ABOUT THIS TASK ::
Only the lines from the line containing "全面に施されたフラワー刺繍が、華やかさと気品を添えるワンピースです。" through the final line of the entries should be printed, exactly as given, with the pictures left out.
** RECORDS PROVIDED follows **
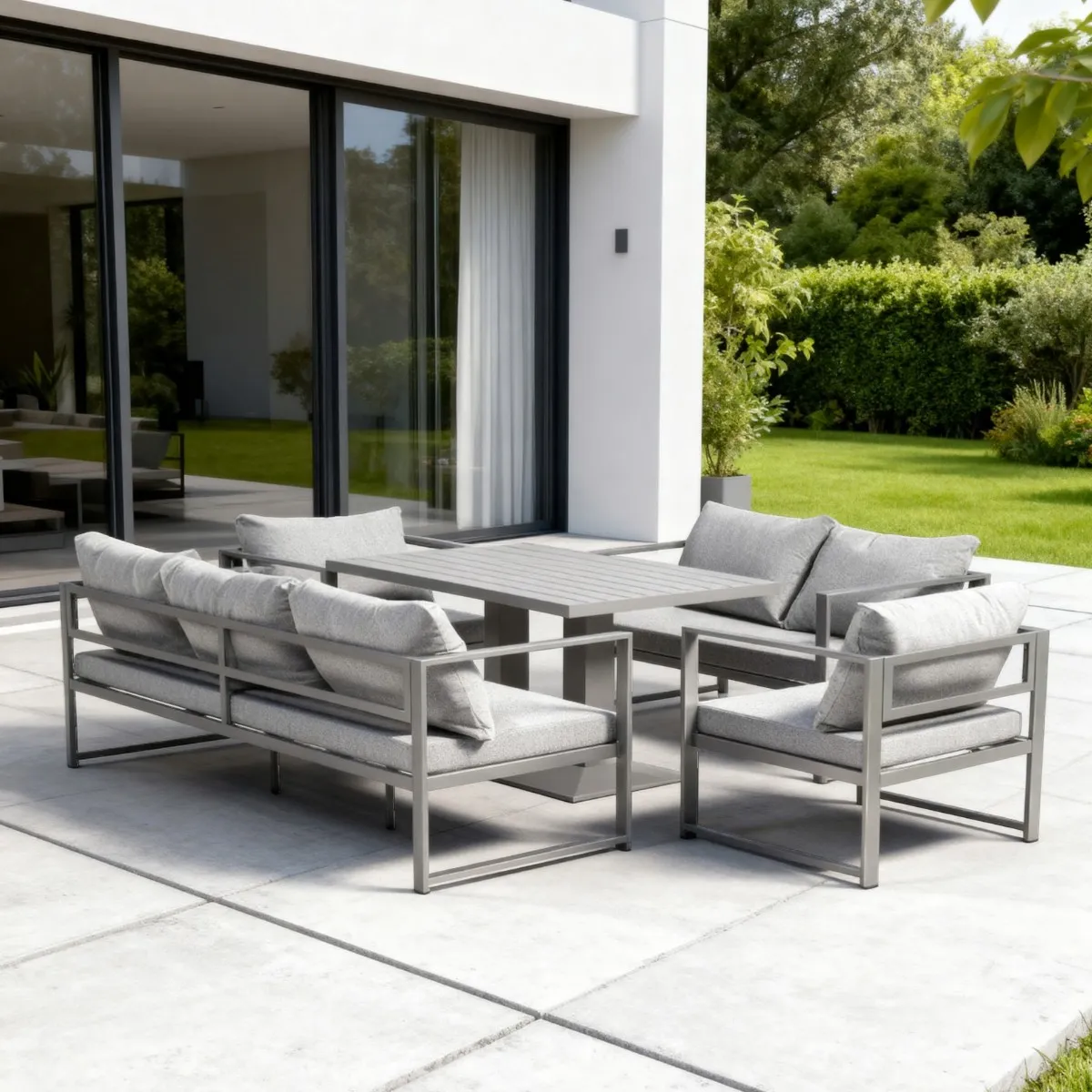 Stalowy zestaw mebli ogrodowych San Sebastian łączy elegancję, funkcjonalność i wygodę. Trwała konstrukcja, praktyczny układ oraz komfortowe poduszki tworzą idealną przestrzeń do relaksu na świeżym powietrzu – dla całej rodziny lub grupy przyjaciół.
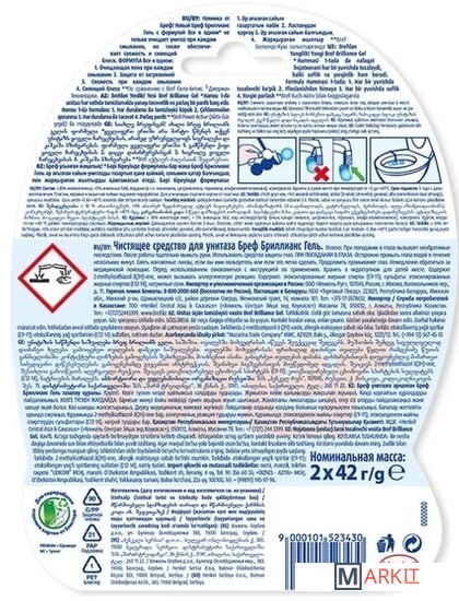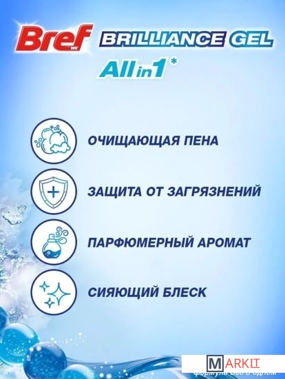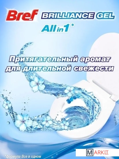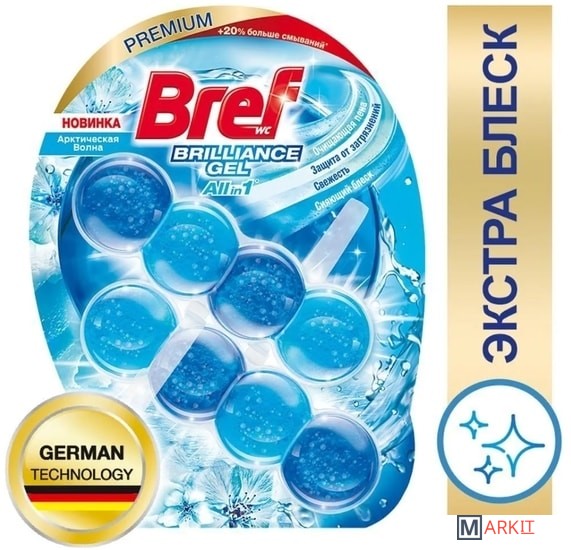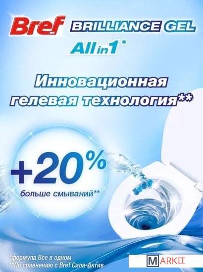 Туалетный блок Bref Brilliance Gel — инновационное решение для чистоты и свежести с формулой All in 1 в формате геля! Bref Brilliance Gel работает одновременно в нескольких направлениях: 1. Очищающая пена при каждом смывании 2. Защита от загрязнений 3. Свежесть при каждом смывании 4. Сияющий блеск Туалетного блока Bref Brilliance Gel хватит на 20%* дольше! *по сравнению с Bref Сила-Актив Преимущества использования Bref: - Удобство и простота в использовании: снимите защитную плёнку, повесьте блок под ободок унитаза в месте наибольшего потока воды. - Меньше времени на уборку туалета: Bref эффективно удаляет любые загрязнения и поддерживает унитаз в чистоте длительное время! - Наслаждайтесь свежестью и чистым ароматом с каждым смыванием! -Сохраняйте блеск унитаза в первозданном виде!
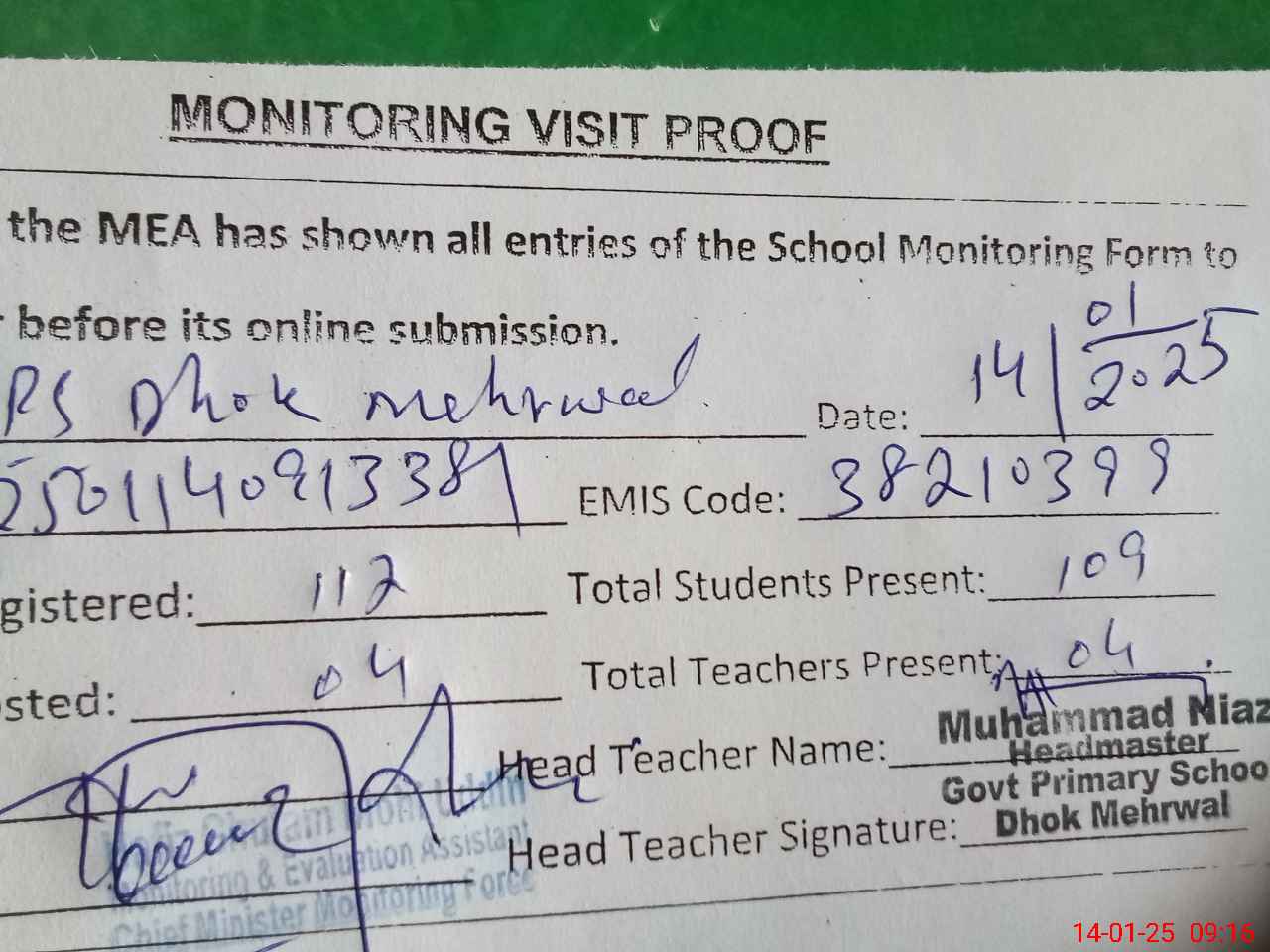 | Attendance Register | Head Teacher | MEA with School | Visit Proof |
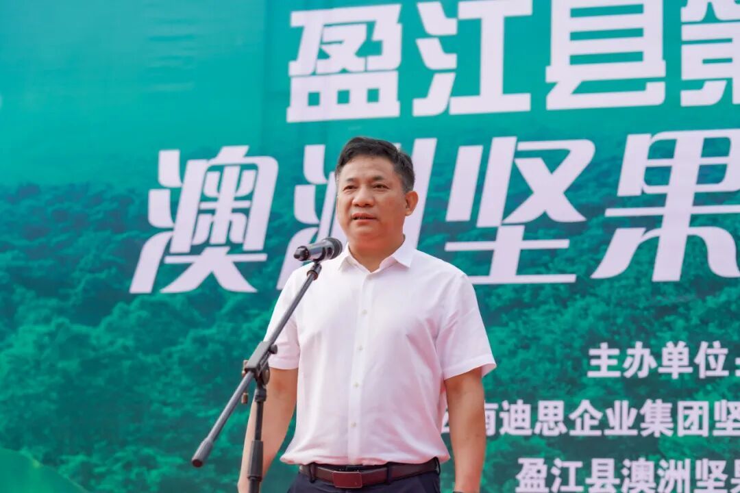 查金鹏在致辞时说,近年来,盈江县坚定不移走生态优先、绿色发展之路,持续将澳洲坚果产业作为促进群众增收、推动乡村振兴的特色优势产业重点打造;如今,一颗颗饱满的坚果,已成为名副其实的“致富果”“幸福果”。让我们以此次开采节为新的契机,共同采摘丰收的喜悦,共享发展的成果,携手奋斗,将“小坚果”真正做成推动盈江乡村振兴、富民强县的“大产业”!
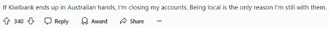 “如果Kiwibank落入澳大利亚之手,我就会关闭我的账户。本地化是我依然坚持用Kiwibank的原因。”
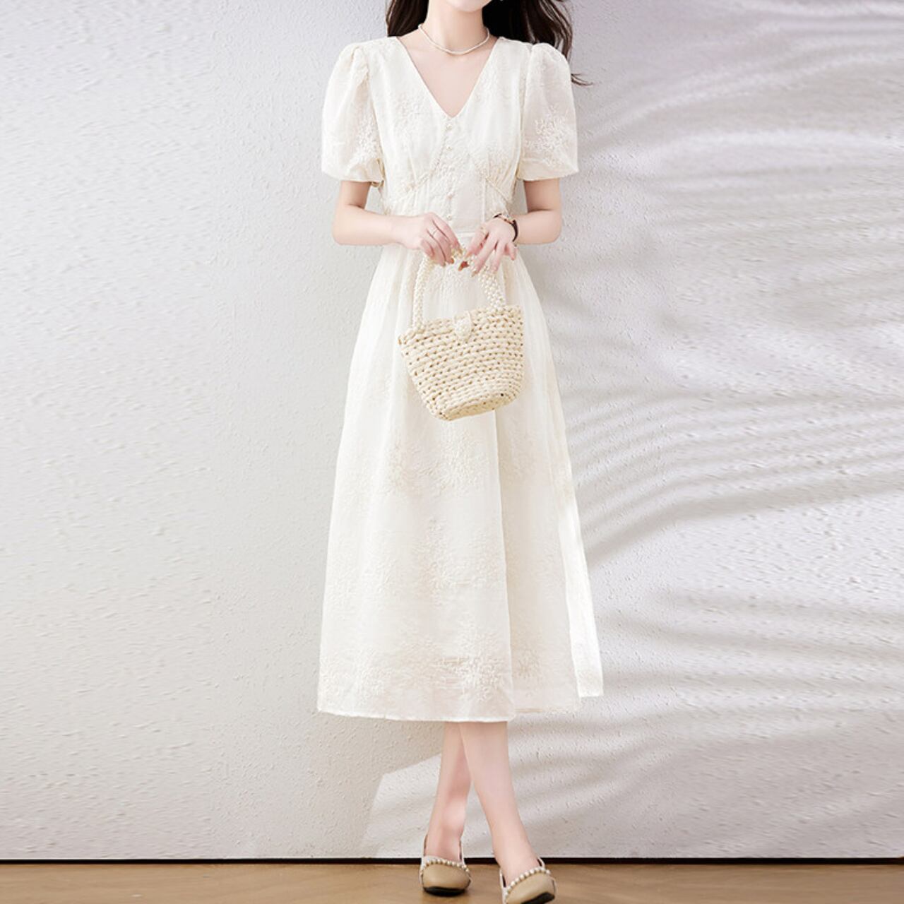 全面に施されたフラワー刺繍が、華やかさと気品を添えるワンピースです。
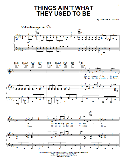 Download or print Duke Ellington Things Ain't What They Used To Be sheet music, chords and digital score arranged for Piano Solo. This Jazz score includes 4 page(s).
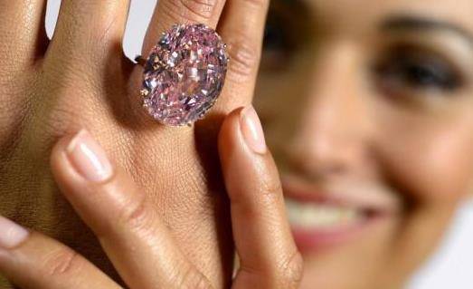 目前拍卖界卖出的最贵钻石是 Pink Star(下图),由纽约的钻石切割商 Isaac Wolf 在 2013年苏富比日内瓦拍卖会上以 8300万美元拍得,这款椭圆形粉钻重达 59.60克拉。
** End of RECORDS PROVIDED **
EXPECTED ANSWER ::
 全面に施されたフラワー刺繍が、華やかさと気品を添えるワンピースです。
 Download or print Duke Ellington Things Ain't What They Used To Be sheet music, chords and digital score arranged for Piano Solo. This Jazz score includes 4 page(s).
 目前拍卖界卖出的最贵钻石是 Pink Star(下图),由纽约的钻石切割商 Isaac Wolf 在 2013年苏富比日内瓦拍卖会上以 8300万美元拍得,这款椭圆形粉钻重达 59.60克拉。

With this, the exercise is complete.